Available records:
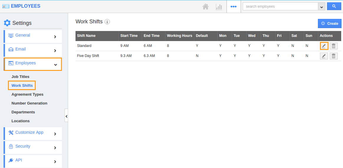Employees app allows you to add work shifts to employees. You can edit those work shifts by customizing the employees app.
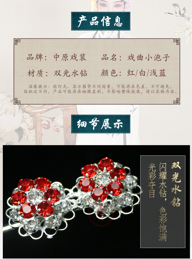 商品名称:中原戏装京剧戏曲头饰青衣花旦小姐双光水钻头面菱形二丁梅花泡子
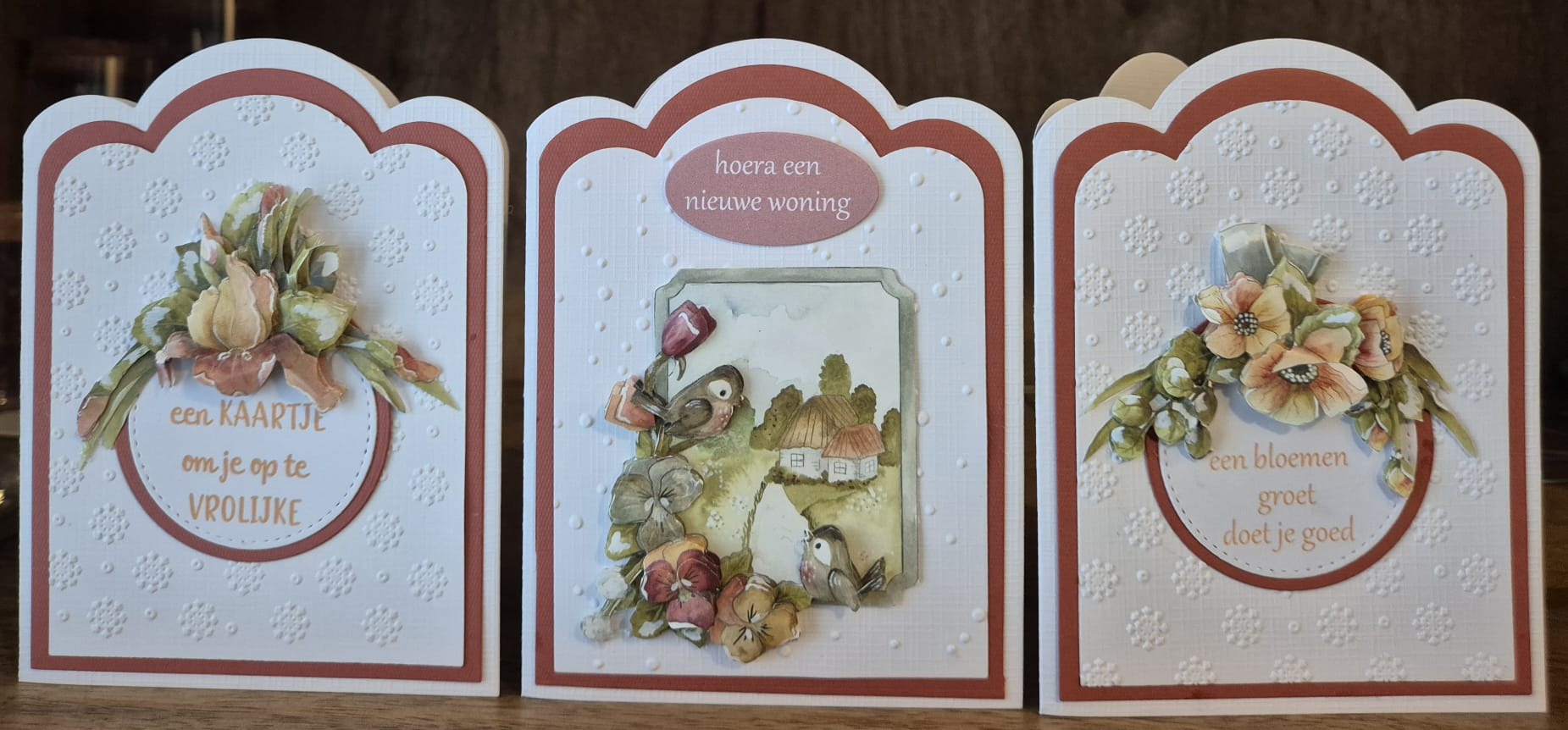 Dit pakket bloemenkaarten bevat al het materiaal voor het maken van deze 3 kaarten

---

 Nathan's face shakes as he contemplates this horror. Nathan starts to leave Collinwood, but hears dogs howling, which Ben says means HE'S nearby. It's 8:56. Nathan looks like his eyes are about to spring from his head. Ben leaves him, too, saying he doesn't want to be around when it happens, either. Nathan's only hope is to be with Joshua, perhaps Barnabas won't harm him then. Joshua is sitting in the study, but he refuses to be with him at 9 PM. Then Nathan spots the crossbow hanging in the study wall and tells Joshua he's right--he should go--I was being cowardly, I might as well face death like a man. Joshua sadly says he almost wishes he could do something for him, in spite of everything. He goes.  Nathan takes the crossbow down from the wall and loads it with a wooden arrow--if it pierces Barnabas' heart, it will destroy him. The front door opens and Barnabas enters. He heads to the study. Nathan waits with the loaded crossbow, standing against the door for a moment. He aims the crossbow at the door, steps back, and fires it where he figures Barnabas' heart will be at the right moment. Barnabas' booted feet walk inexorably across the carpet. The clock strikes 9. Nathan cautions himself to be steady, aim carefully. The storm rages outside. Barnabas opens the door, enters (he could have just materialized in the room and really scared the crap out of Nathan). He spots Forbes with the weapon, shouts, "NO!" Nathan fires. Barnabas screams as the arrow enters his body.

==

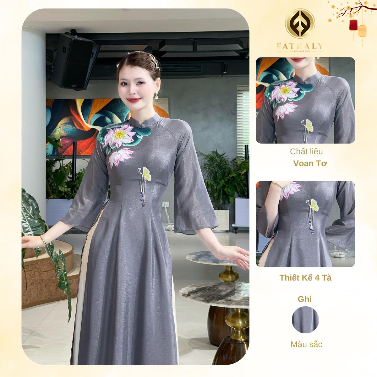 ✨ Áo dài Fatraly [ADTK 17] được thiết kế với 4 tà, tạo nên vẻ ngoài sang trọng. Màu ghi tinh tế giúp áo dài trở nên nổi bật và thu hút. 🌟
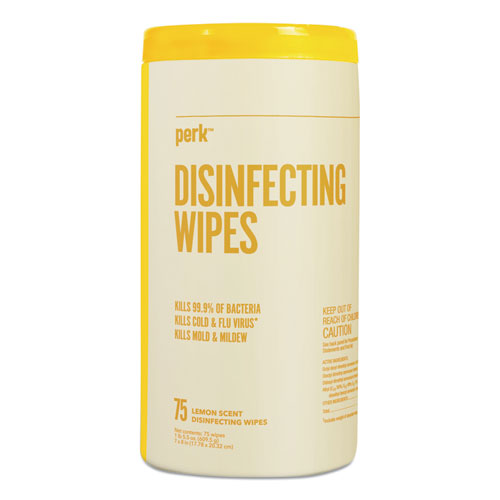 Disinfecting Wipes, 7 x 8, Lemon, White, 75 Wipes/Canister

The problem: Reproduce the data above exactly, but only from the line containing "Employees app allows" through the line containing "Dit pakket bloemenkaarten"; skip the pictures.

Reply to the task:
Employees app allows you to add work shifts to employees. You can edit those work shifts by customizing the employees app.
 商品名称:中原戏装京剧戏曲头饰青衣花旦小姐双光水钻头面菱形二丁梅花泡子
 Dit pakket bloemenkaarten bevat al het materiaal voor het maken van deze 3 kaarten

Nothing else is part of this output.